There are $10$ pairs of cards arrayed face-down, $20$ cards total. A one-year-old child plays Concentration randomly: each turn, he flips two random face-down cards; if they match, they stay face up (and a sound plays), else they flip back down. Each flip takes $1$ second; matching or flipping back takes another $1$ second. How long does the game take on average?

The Riddler, FiveThirtyEight, June 15, 2018(original post)

Solution

Suppose there are $i$ pairs still face-down (so $2i$ face-down cards). A turn takes $2$ seconds in total. The child picks the first card uniformly from the $2i$ face-down cards; the second card is uniform among the remaining $2i - 1$. Of those, exactly one is the match for the first card. So $$\Pr(\text{match} \mid i \text{ pairs face-down}) \;=\; \frac{1}{2i - 1}.$$ The child has no memory: he forgets which cards he just turned over. Let $T(i)$ be the expected total seconds from a state of $i$ pairs face-down. Then $$T(i) \;=\; 2 \;+\; \frac{1}{2i - 1} T(i - 1) \;+\; \left(1 - \frac{1}{2i - 1}\right) T(i),$$ with $T(0) = 0$. Multiplying through and tidying, $$\begin{aligned} \tfrac{1}{2i - 1} T(i) &\;=\; 2 + \tfrac{1}{2i - 1} T(i - 1) \\ \;\Longrightarrow\;\; T(i) &\;=\; (4i - 2) + T(i - 1). \end{aligned}$$ Iterating from $T(0) = 0$, $$T(i) \;=\; \sum_{k = 1}^{i} (4k - 2) \;=\; 4 \cdot \frac{i(i + 1)}{2} - 2i \;=\; 2 i^{2}.$$ For $i = 10$, $$\boxed{\;T(10) \;=\; 2 \cdot 100 \;=\; 200 \text{ seconds} \;=\; 3 \tfrac{1}{3} \text{ minutes.}\;}$$

The computation

Encode the actual game: simulate the toddler flipping two random face-down cards per turn, recording match probability and game length, and average over many trials.

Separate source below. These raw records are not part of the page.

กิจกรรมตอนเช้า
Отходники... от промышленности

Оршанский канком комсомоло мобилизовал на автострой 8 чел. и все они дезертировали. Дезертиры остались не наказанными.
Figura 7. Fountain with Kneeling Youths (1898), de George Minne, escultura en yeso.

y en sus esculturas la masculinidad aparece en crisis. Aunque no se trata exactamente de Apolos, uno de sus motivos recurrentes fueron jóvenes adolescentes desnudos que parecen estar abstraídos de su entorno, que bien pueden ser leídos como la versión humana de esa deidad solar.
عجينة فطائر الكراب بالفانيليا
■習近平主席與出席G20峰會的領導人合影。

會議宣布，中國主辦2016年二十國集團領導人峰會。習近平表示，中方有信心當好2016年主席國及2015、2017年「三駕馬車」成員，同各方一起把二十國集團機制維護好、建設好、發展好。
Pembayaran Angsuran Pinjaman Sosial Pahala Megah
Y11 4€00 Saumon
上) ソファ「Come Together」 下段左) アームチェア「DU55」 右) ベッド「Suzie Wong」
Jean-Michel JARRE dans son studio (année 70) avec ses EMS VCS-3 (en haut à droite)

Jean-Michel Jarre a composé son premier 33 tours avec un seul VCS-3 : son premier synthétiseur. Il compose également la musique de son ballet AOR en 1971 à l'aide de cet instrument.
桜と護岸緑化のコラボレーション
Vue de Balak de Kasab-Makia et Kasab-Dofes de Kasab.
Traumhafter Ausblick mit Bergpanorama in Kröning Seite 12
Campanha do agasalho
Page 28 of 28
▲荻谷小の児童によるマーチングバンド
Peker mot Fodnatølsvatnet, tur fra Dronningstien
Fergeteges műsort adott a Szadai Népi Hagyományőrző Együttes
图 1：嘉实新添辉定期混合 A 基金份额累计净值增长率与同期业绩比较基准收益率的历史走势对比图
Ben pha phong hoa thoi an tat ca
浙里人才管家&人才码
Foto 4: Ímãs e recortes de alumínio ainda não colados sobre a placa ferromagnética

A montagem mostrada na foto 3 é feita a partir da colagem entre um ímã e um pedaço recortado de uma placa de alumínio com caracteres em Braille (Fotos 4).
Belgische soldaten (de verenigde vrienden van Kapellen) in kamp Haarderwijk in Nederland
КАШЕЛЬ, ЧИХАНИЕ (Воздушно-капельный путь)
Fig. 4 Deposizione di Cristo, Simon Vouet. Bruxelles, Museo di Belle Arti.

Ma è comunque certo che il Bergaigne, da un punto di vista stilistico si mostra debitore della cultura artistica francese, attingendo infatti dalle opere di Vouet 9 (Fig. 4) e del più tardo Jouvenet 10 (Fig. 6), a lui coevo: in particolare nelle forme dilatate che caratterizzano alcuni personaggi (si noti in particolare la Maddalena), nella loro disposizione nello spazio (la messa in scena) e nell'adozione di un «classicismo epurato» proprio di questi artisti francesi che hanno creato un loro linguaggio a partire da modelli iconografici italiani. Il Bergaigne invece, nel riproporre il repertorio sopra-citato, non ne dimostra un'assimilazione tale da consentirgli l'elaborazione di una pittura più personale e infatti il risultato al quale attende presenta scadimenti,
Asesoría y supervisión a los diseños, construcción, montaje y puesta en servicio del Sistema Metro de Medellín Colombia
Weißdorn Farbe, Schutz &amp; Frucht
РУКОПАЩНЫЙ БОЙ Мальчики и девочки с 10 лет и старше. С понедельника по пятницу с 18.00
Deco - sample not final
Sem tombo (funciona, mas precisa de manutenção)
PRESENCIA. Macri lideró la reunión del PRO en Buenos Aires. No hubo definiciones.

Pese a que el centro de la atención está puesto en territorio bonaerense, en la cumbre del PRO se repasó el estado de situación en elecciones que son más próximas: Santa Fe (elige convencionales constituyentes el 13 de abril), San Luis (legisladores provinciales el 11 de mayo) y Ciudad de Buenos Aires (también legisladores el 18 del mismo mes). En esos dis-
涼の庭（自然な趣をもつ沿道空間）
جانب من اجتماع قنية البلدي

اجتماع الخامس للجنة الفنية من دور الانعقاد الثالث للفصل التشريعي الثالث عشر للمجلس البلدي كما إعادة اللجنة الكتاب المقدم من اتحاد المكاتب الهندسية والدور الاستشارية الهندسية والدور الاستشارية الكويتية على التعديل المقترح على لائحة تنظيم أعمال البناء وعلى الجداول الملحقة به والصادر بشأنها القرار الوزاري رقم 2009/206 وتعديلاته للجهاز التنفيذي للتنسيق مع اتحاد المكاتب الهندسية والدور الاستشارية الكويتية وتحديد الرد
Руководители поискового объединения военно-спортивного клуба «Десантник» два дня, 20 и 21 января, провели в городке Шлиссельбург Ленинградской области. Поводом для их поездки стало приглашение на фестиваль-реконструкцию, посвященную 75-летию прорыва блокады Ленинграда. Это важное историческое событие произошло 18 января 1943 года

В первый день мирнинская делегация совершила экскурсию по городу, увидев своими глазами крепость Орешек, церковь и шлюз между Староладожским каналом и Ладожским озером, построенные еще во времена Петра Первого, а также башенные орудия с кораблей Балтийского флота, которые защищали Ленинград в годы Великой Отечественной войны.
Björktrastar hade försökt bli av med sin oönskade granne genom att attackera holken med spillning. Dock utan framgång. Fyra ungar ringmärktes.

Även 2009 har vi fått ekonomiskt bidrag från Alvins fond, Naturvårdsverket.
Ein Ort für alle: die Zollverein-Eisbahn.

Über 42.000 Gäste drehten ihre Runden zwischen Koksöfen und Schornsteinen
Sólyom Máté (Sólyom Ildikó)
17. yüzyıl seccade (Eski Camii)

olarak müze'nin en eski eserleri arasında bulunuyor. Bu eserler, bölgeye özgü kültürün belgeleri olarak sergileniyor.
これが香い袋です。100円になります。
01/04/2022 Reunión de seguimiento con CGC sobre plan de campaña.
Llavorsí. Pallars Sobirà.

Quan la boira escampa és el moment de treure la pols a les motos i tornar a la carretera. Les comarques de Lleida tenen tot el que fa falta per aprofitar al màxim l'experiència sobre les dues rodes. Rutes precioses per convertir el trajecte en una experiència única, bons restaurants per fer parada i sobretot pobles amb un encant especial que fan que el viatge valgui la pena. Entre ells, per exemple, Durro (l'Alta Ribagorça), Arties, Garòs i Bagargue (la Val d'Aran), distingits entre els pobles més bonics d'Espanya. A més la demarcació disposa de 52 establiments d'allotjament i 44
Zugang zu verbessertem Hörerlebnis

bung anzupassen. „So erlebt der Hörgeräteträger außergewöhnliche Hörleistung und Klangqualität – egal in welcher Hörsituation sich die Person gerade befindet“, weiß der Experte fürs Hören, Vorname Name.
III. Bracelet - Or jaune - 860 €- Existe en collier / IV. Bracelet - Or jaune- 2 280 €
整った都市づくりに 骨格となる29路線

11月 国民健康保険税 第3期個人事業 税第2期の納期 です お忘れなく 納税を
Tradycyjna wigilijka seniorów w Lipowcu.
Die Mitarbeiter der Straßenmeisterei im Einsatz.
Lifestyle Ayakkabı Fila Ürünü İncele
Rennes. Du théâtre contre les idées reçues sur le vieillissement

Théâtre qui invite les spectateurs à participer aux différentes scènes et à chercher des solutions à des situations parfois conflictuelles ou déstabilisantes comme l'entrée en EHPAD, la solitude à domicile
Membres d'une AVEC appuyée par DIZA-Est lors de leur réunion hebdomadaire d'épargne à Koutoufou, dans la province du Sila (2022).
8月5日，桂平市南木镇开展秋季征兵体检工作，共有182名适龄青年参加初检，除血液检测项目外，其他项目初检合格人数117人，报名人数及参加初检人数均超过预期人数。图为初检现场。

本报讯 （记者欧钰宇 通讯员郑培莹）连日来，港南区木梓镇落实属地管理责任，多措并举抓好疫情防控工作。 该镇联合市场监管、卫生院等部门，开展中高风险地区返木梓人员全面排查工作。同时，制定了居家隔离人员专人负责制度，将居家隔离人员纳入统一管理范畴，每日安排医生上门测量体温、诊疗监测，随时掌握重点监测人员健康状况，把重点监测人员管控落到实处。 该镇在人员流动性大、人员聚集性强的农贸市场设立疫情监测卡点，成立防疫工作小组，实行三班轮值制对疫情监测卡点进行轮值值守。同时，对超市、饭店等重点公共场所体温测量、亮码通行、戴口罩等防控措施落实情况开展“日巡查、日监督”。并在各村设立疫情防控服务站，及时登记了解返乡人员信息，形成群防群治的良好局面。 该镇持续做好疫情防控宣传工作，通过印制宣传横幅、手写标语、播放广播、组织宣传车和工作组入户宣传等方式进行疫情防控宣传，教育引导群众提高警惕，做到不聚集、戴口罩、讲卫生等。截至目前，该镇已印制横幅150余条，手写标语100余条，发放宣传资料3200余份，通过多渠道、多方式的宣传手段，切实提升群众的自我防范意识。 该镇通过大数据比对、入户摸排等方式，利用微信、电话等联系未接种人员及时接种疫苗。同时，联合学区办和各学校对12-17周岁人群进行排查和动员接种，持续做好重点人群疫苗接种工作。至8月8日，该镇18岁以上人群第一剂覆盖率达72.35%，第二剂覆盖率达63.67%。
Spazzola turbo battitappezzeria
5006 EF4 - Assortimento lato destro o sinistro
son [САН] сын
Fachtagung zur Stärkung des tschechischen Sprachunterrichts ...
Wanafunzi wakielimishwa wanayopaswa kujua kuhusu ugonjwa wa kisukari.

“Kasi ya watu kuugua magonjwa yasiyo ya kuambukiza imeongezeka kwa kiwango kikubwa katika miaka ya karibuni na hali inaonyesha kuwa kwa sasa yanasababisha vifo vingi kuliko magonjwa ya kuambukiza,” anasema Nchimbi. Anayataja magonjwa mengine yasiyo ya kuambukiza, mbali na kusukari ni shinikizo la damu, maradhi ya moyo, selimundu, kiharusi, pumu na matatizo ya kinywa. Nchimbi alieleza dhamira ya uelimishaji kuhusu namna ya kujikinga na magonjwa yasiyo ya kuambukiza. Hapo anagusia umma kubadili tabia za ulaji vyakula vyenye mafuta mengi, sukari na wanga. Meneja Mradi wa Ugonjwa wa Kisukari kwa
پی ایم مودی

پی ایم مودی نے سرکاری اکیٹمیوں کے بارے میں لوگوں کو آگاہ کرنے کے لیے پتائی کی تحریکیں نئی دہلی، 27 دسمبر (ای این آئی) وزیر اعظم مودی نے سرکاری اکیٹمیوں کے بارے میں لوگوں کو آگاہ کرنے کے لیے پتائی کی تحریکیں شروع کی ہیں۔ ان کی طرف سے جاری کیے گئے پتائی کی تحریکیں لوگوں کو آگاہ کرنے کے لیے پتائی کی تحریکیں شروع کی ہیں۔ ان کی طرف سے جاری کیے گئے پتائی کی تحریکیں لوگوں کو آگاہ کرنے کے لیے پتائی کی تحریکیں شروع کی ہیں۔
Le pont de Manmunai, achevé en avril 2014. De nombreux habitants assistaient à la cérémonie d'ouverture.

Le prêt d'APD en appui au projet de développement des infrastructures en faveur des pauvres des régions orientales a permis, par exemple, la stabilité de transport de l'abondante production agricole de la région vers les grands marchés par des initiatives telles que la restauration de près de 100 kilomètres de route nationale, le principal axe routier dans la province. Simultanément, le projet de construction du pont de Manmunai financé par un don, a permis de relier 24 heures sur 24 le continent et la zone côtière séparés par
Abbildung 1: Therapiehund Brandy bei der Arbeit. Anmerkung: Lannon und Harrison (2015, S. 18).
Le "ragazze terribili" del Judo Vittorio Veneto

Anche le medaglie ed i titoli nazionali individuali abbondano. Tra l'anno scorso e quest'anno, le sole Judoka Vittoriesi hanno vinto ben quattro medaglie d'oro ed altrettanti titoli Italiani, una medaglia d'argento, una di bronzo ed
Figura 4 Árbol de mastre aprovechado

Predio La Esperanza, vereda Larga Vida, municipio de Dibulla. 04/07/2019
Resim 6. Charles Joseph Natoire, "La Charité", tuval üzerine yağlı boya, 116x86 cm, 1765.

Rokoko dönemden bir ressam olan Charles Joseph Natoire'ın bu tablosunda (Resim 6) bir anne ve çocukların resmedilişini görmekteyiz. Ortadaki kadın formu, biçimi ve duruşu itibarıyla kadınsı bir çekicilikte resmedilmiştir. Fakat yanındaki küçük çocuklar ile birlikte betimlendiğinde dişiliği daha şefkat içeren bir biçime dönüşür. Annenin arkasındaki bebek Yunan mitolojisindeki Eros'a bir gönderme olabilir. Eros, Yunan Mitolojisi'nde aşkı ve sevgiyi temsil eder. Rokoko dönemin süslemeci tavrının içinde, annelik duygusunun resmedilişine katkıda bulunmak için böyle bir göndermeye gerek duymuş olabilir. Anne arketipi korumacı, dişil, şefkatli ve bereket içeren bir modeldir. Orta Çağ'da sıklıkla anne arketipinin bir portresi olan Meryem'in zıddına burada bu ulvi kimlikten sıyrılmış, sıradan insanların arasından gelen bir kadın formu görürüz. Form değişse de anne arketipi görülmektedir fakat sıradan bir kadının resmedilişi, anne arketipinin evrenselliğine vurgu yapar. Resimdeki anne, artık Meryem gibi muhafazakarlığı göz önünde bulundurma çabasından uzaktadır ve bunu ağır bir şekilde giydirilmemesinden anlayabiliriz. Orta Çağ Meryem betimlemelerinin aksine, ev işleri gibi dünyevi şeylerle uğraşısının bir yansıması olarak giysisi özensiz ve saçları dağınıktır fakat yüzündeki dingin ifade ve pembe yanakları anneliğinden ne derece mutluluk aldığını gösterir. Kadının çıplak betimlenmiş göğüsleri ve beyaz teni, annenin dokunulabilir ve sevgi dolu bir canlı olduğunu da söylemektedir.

1. Implement play(n_pairs) which steps through the game, returning total seconds.

2. Run $200\,000$ trials at $n = 10$ and average; cross-check the closed form $T(i) = 2 i^{2}$ for $i = 1, \ldots, 10$.

import random

def play(n_pairs, rng):
    """Toddler-mode Concentration on n_pairs pairs. Returns seconds."""
    facedown = list(range(n_pairs)) * 2  # each pair represented twice
    seconds = 0
    while facedown:
        a, b = rng.sample(range(len(facedown)), 2)
        seconds += 2
        if facedown[a] == facedown[b]:
            for idx in sorted((a, b), reverse=True):
                facedown.pop(idx)
    return seconds

rng = random.Random(0)
trials = 200_000
for n in (1, 2, 3, 5, 10):
    avg = sum(play(n, rng) for _ in range(trials)) / trials
    print(f"n_pairs={n:2d}: MC = {avg:7.2f}, formula 2n^2 = {2 * n * n}")

The script prints averages within $\pm 0.5$ seconds of $2, 8, 18, 50, 200$, confirming $T(i) = 2 i^{2}$ and the boxed value $T(10) = 200$ seconds.